Activity:
Return the following lines and nothing else: the one holding "Women's crossbody bag" and all those after it in the records below, unchanged, minus any pictures.

Provided material:
________

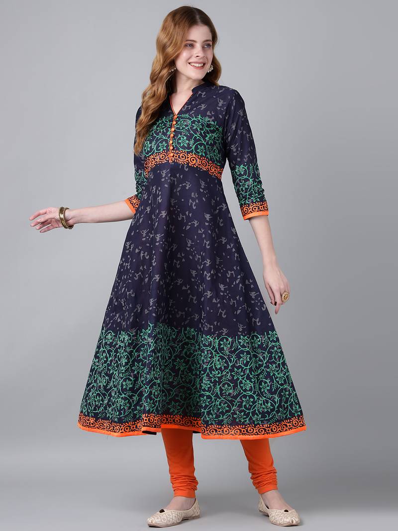 Navy Cotton Printed Anarkali Kurta
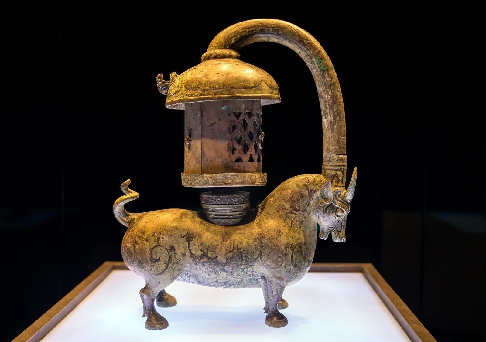 2000年前的錯金銀銅牛燈,環(huán)保,無煙。
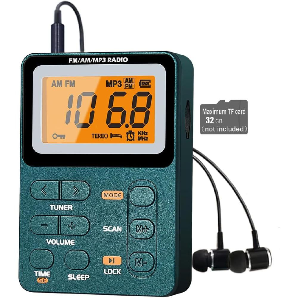 Rádio Portátil AM FM, Rádio de Bolso Recarregável com Sintonização Digital verde
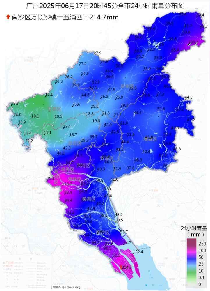 在广州,广州市气象部门统计,16日夜间至17日夜间,广州南部和中心城区出现大到暴雨局部大暴雨,其余地区出现中到大雨,雨时局部伴有6~7级阵风和雷电。截至17日20时50分,南沙区万顷沙镇十五涌西,录得全市24小时累积最大雨量214.7毫米。
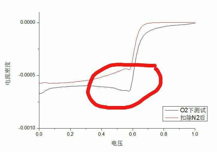 做的氧还原lsv 测试,红色的线是扣除氮气背景后的,黑色的线是氧气下测出的结果,圈出来的那一部分为什么差别那么大,求大家给解释一下,是测试过程中哪里出现的问题呢? 发自小木虫Android客户端 |
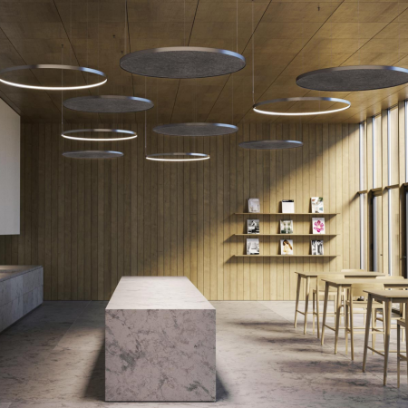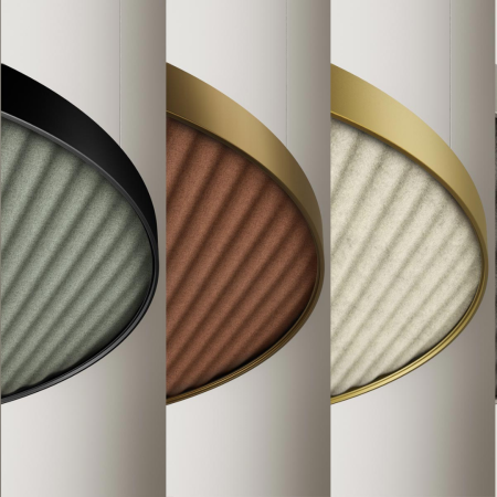 Horizontal suspension lamp, wall and ceiling lamp in extruded curved aluminum, with opal polycarbonate screen. Emission on the internal side is provided by LED modules with technology DALI/Push DIM integrated into the canopy. Polyacrylic paint white, black, titanium, bronze and mat brass finishes are available. Ideal for offices, halls, living, and public spaces, also combined with Zero Round Acoustic and Arena Acoustic.
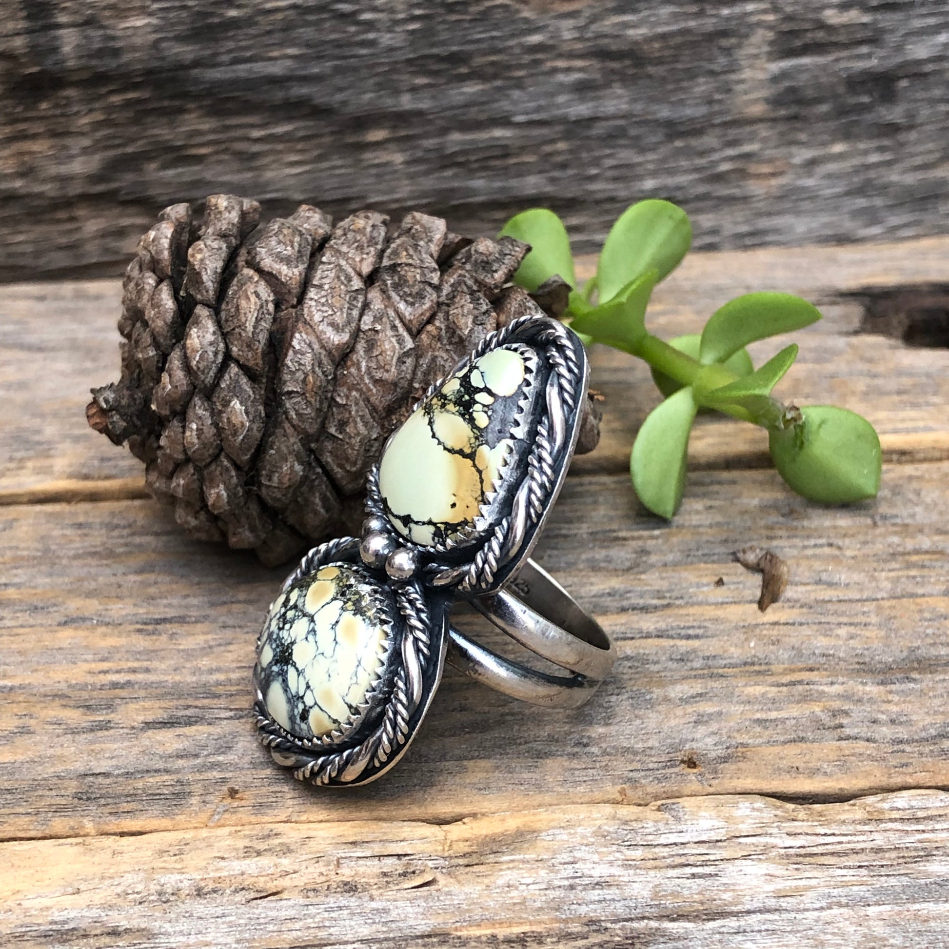 Double gemstone Sterling Silver ring with Tortoise Variscite from Nevada. Size 7.
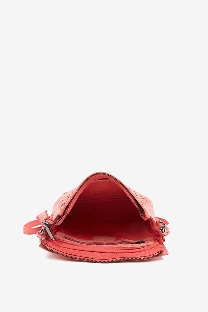 Women's crossbody bag in coral perforated leather
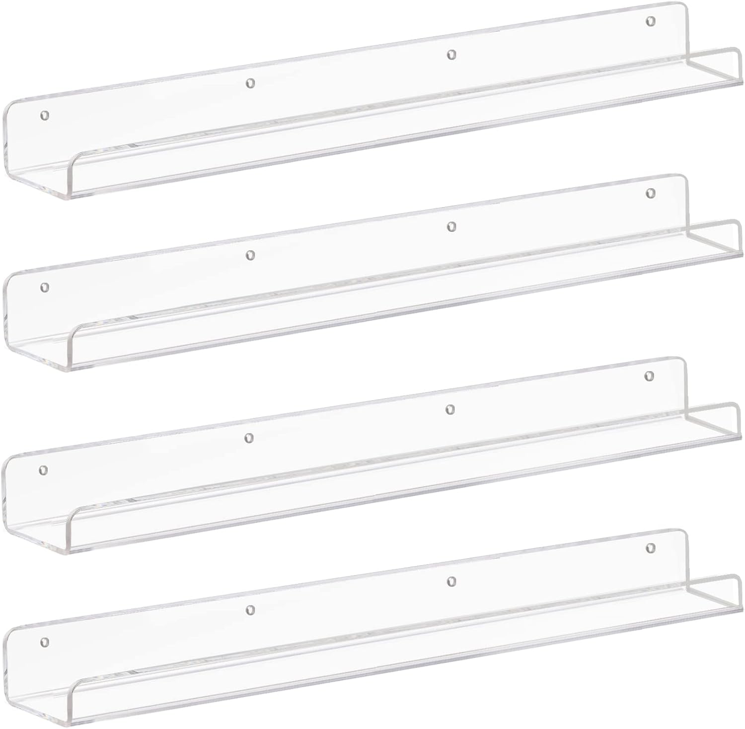 Weiai Clear Acrylic Floating Shelves 24 inches, Wall Bookshelf for Kids, Transparent Book Shelf Ledge for Wall, Set of 4

________

Finished task:
 Women's crossbody bag in coral perforated leather
 Weiai Clear Acrylic Floating Shelves 24 inches, Wall Bookshelf for Kids, Transparent Book Shelf Ledge for Wall, Set of 4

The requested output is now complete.